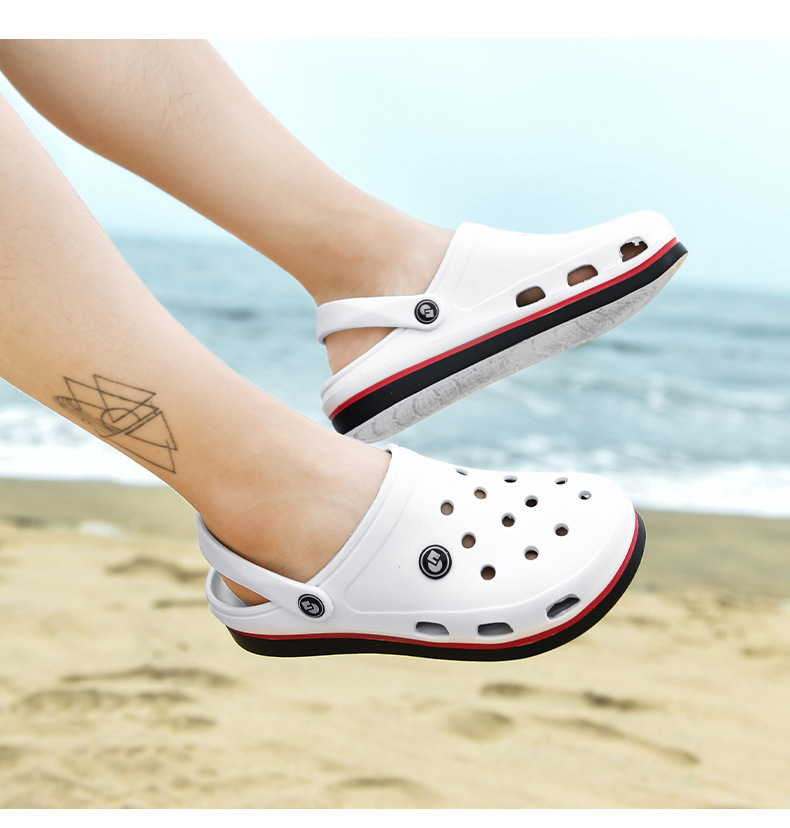 Step into comfort and style this summer with our Summer Slippers Men's Hole Shoes Sandals. Crafted with a lightweight and durable EVA upper and sole, these sandals are designed to provide optimum comfort for your feet while keeping you cool and stylish. Available in three classic colors: white, black, and blue, these sandals are perfect for the beach, poolside lounging, or casual outings.
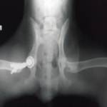 後肢の跛行を主訴に来院されました。レントゲン検査にて、左右股関節の形成不全および重度の関節炎所見を認めました。THRに関しては適応年齢(約9カ月齢以降)の範囲にありますが、左右とも長期に及ぶ骨関節炎の進行により、大腿骨頭・寛骨臼ともに重度の骨変形を伴っていました。このような症例において、THRのカップの定着が悪くTHRの手術の成功率が下がるため、機能回復の面では劣りますが、症状がより重いと判断された左後肢の大腿骨頭・骨頚切除術を実施しました。今後は、リハビリテーションを行い、患肢の機能回復に努めると共に、反対側の大腿骨頭・骨頚切除術を検討していく予定です。
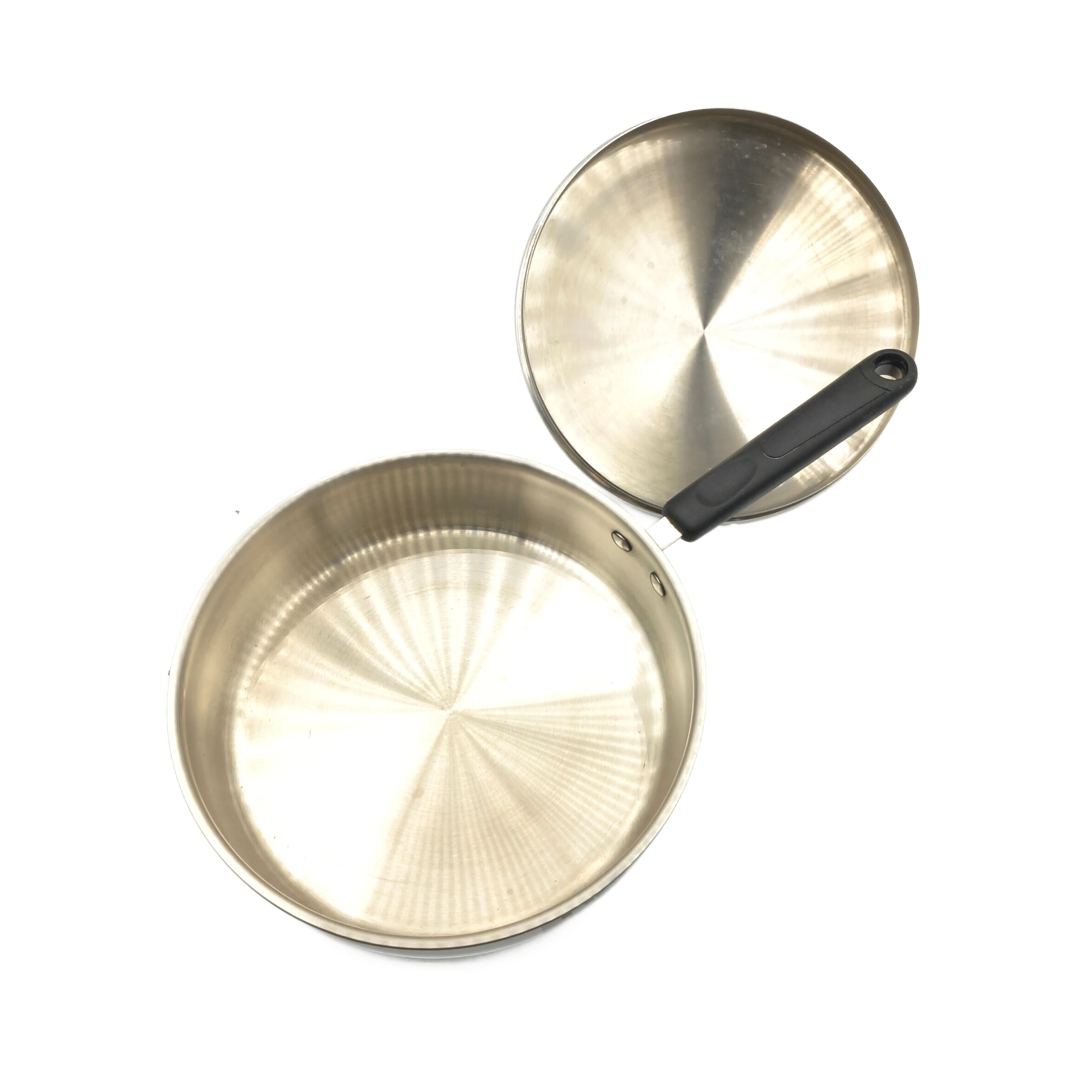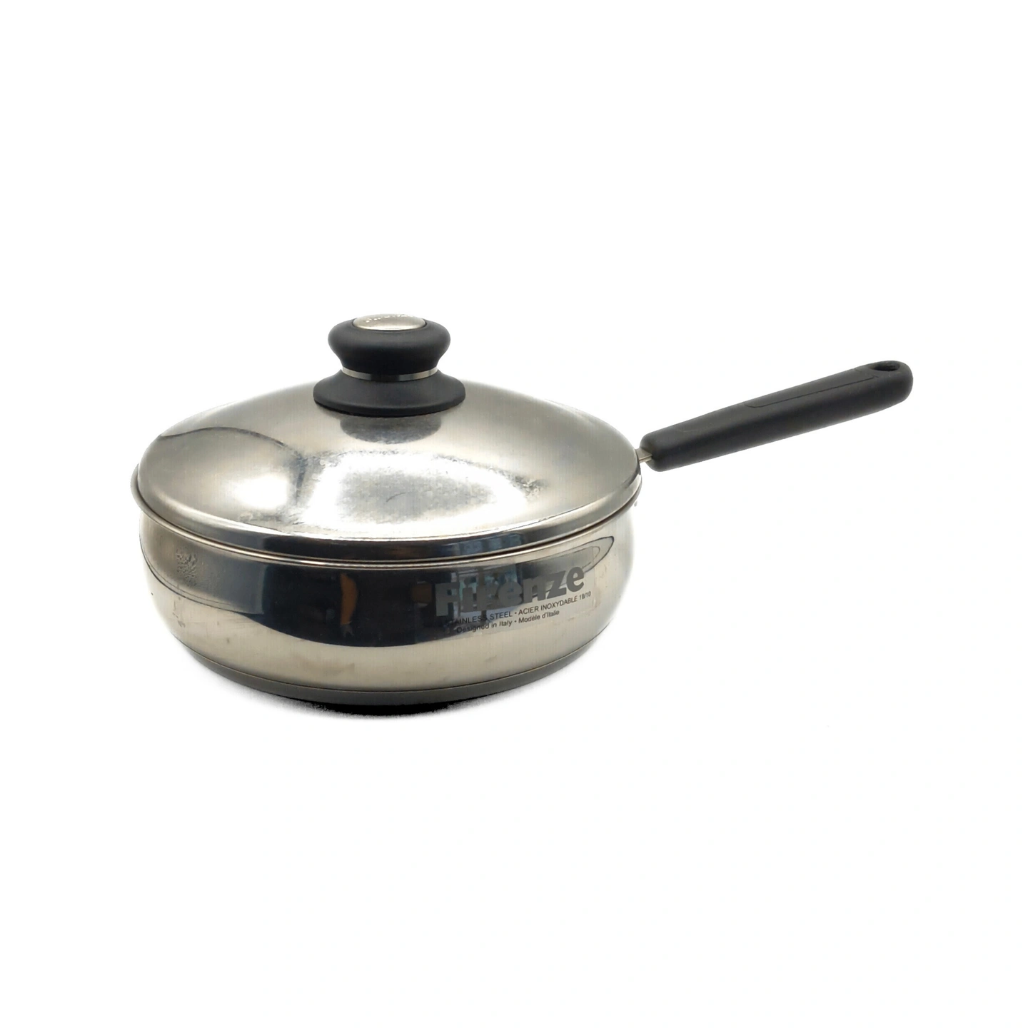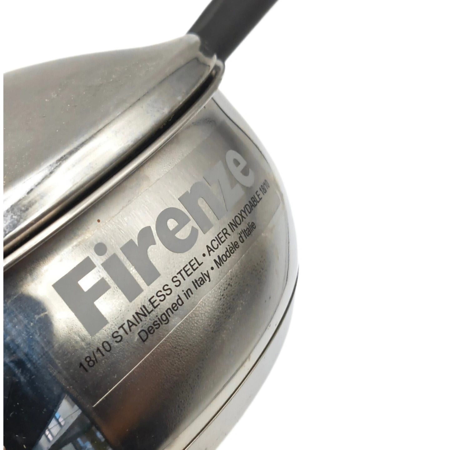 Selling a Firenze saucepan made of 18/10 stainless steel. It comes with a lid and features a black handle. Designed in Italy!
━━━━━━━━━━━━━━━━━━━━━━━━━━━━━━
— Exercise prompt —
With the pictures removed, set down the entire listing exactly.

— Written response —
 Step into comfort and style this summer with our Summer Slippers Men's Hole Shoes Sandals. Crafted with a lightweight and durable EVA upper and sole, these sandals are designed to provide optimum comfort for your feet while keeping you cool and stylish. Available in three classic colors: white, black, and blue, these sandals are perfect for the beach, poolside lounging, or casual outings.
 後肢の跛行を主訴に来院されました。レントゲン検査にて、左右股関節の形成不全および重度の関節炎所見を認めました。THRに関しては適応年齢(約9カ月齢以降)の範囲にありますが、左右とも長期に及ぶ骨関節炎の進行により、大腿骨頭・寛骨臼ともに重度の骨変形を伴っていました。このような症例において、THRのカップの定着が悪くTHRの手術の成功率が下がるため、機能回復の面では劣りますが、症状がより重いと判断された左後肢の大腿骨頭・骨頚切除術を実施しました。今後は、リハビリテーションを行い、患肢の機能回復に努めると共に、反対側の大腿骨頭・骨頚切除術を検討していく予定です。
 Selling a Firenze saucepan made of 18/10 stainless steel. It comes with a lid and features a black handle. Designed in Italy!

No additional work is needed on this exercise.